Wednesday, March 25, 2020
Books: "Franchise" On McDonald's History In The Black Community
Franchise: The Golden Arches In Black America
By Marcia Chatelain
Liveright Publishing, a division of W.W. Norton & Company; hardcover; 28.95
Fast food is a staple of American life, and while it may appear to be something that everyone enjoys and depends on, it can mean something quite different to each community.
Marcia Chatelain, a professor of history and African American studies at Georgetown University, shows how it was a source of both power and despair for African Americans.
In the new book, Franchise: The Golden Arches In Black America, Chatelain shows how fast food became a battlefield on which the fight for racial justice, and how that was intertwined with the fate of black businesses. She takes us from the first McDonald's in San Bernardino, California, in the 1940s, to civil rights protests at franchises in the American South in the 1960s and the McDonald's on Florissant Avenue in Ferguson in the summer of 2014.
On the one hand, fast food is blamed rightly for the rise in the rates of obesity and diabetes among black Americans, and a symbol of capitalism's disastrous effects on our nation's most vulnerable citizens.
Fast-food companies were also a source of economic opportunity and political power. After Martin Luther King's assassination in 1968, many activists turned to entrepreneurship as a means to achieve equlality.
Civil rights leaders, fast-food companies, black capitalists, celebrities, and federal bureaucrats began an unlikely collaboration, in the belief that the franchising of these establishments by black citizens in their own neighborhoods could improve the quality of black life.

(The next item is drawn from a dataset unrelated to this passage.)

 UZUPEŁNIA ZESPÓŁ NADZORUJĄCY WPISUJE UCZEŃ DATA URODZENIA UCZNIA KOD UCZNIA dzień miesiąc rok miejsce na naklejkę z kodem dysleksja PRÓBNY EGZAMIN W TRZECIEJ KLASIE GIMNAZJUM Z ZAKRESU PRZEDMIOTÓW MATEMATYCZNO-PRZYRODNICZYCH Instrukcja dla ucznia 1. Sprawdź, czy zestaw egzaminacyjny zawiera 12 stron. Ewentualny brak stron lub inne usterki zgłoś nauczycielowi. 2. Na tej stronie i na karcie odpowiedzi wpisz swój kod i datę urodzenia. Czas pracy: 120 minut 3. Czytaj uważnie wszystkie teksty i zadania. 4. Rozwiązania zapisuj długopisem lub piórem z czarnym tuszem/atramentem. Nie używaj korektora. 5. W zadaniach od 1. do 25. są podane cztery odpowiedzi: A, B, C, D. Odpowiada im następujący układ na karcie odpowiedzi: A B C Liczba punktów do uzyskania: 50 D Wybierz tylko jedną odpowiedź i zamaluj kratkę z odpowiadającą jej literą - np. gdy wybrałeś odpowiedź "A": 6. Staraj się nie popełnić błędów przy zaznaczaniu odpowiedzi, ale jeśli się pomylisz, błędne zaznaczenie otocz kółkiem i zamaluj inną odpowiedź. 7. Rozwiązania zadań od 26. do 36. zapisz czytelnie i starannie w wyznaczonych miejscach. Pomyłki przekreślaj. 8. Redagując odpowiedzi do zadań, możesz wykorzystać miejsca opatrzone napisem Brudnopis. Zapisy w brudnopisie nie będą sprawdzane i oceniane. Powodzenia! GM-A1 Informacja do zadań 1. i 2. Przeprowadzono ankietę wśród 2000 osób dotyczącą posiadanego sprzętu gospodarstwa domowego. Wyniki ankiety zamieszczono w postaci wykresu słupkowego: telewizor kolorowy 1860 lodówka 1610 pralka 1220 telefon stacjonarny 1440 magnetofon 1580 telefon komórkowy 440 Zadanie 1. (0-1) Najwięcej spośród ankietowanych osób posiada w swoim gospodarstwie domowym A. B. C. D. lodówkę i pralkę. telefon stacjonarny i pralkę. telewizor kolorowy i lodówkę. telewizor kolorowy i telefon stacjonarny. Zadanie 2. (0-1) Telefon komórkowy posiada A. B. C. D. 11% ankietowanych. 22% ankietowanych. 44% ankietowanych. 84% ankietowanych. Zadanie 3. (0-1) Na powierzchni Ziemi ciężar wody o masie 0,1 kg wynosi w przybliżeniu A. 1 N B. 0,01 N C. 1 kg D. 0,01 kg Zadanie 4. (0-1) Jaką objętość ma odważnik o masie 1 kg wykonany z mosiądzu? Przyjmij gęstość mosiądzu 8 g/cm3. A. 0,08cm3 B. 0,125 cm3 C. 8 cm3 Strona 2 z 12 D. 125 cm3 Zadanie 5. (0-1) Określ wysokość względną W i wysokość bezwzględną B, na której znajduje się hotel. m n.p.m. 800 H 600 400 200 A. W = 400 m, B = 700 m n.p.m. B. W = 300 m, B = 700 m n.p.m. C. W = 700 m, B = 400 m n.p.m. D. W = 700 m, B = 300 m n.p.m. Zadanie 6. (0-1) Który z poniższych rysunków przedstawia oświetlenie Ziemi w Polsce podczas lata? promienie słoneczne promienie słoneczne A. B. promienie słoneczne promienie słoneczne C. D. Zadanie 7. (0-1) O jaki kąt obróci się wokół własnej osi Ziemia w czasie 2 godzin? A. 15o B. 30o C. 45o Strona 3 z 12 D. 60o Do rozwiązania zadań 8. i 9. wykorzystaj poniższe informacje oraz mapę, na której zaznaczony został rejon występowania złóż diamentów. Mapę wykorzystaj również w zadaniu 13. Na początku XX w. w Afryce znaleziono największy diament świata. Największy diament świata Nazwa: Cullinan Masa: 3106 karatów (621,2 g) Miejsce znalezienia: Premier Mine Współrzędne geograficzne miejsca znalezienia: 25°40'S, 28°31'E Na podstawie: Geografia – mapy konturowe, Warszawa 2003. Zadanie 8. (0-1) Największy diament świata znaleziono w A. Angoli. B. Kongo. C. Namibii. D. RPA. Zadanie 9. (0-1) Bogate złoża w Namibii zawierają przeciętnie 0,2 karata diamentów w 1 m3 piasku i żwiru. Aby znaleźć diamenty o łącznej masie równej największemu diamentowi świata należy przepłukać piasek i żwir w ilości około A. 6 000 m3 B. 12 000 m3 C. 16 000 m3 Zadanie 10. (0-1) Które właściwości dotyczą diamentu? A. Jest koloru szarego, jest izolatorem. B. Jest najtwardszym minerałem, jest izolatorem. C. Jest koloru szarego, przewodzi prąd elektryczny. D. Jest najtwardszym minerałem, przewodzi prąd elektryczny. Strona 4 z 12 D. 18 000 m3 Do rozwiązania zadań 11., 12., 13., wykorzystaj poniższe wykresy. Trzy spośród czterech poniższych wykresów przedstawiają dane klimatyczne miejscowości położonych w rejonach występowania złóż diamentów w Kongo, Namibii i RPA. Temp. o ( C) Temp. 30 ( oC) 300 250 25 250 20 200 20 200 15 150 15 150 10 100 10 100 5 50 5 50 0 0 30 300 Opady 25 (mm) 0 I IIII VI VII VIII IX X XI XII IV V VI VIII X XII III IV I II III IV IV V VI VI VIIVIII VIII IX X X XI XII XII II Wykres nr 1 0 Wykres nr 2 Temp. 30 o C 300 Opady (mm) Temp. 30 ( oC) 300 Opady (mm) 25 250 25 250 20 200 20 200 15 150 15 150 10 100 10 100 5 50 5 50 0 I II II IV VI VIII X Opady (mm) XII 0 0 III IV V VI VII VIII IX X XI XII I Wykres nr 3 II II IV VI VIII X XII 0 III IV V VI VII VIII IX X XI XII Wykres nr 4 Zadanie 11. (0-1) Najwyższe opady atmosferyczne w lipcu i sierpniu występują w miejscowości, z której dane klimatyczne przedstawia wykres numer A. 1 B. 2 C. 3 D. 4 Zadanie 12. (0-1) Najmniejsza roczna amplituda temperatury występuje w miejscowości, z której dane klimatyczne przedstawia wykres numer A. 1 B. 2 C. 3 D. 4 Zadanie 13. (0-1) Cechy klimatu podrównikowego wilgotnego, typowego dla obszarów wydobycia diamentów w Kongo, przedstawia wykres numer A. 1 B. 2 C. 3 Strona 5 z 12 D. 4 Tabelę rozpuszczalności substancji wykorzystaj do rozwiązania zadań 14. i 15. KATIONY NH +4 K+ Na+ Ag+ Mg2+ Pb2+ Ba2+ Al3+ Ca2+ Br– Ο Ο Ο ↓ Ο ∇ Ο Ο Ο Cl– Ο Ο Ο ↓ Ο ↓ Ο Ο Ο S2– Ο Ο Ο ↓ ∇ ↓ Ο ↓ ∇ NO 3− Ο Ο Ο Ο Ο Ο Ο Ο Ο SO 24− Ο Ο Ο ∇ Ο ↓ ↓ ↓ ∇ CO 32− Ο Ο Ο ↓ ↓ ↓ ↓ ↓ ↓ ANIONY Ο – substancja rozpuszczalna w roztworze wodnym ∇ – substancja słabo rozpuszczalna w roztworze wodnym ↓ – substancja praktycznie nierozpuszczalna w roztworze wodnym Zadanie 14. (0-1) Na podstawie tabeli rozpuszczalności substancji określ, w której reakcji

Black franchise pioneers were equipped with federal loans and utterly committed to the urban centers in which they would open their stores, and they achieved remarkable success. By the late 2000s, black-franchised McDonald's restaurants reported total sales exceeding $2 billion.
At the same time, a parallel story emerged as well. Wealth was being extracted from black communities, which were being ravaged by fast-food diets, and the minimum wage jobs these places offered came with little hope for advancement.
In this excerpt, Chatelain writes of fast food's deep impact on the country: "The United States is the birthplace of some of the world's most successful fast-food brands, as well as the home of its most enthusiastic eaters. On any given day, an estimated one-third of all American adults is eating something at a fast-food restaurant. Millions of people start their mornings with paper-wrapped English muffin breakfast sandwiches, order burritos hastily secured in foil for lunch, and end their evenings with extravalue dinners consumed in cars. People of all ages and backgrounds enjoy fast food, but it does not mean the same thing to all people. For African Americans, the history of the development of the fast-food industry and its presence in their communities reveals the complicated ways that race is lived in America. Racism constrains choices and limits opportunities, from how much you earn to how much you live. Race also informs where you can sit comfortably and what foods are available to you. Even after segregation was legally dissolved by the Civil Rights Act of 1964, African Americans were still left with a low ceiling hovering over their social and economic mobility. The restrictions that emerge because of race and class would place African Americans in a close relationship with an industry built on the idea that food could be delivered cheaply, uniformly, and without consideration of a person's social station. Fast food is a prism for understanding race, shifts in the movement for civil rights, the dissemination of black culture, and racial capitalism - the deep connections between the development of modern capitalism and racist subjugation and oppression - since the 1960s. Before fast food became a quotidian fixture of American life in shopping malls, schools, airports, and rest stops, it was an object of curiosity, fascination, and even hope for many black communities.
Today, fast-food restaurants are hyperconcentrated in the places that are the poorest and most racially segregated. Due to its saturation in black America, fast food is often identified as the culprit among the research on high rates of obesity, diabetes, and hypertension among blacks. Since the early 2000s, studies have focused on the relationship between access to healthy foods and the nutrition color line. Researchers have warned that a black child born in the year 2000 has a 53% chance of developing type 2 diabetes; the likelihood of a white child developing the potentially fatal disease is less than 30%. In 2015, nearly 75% of African-American adults and 33% of black adolescents were considered overweight or obese. Blacks were 1.4 times more likely than their white counterparts to be obese. Economic inequality exacerbates health inequality, and poor and working-class black families often lack access to quality preventative health care. In the year that Ferguson entered the national consciousness, the average white family had the equivalent of one month's income in liquid savings, while a black family could rely on only five days of pay."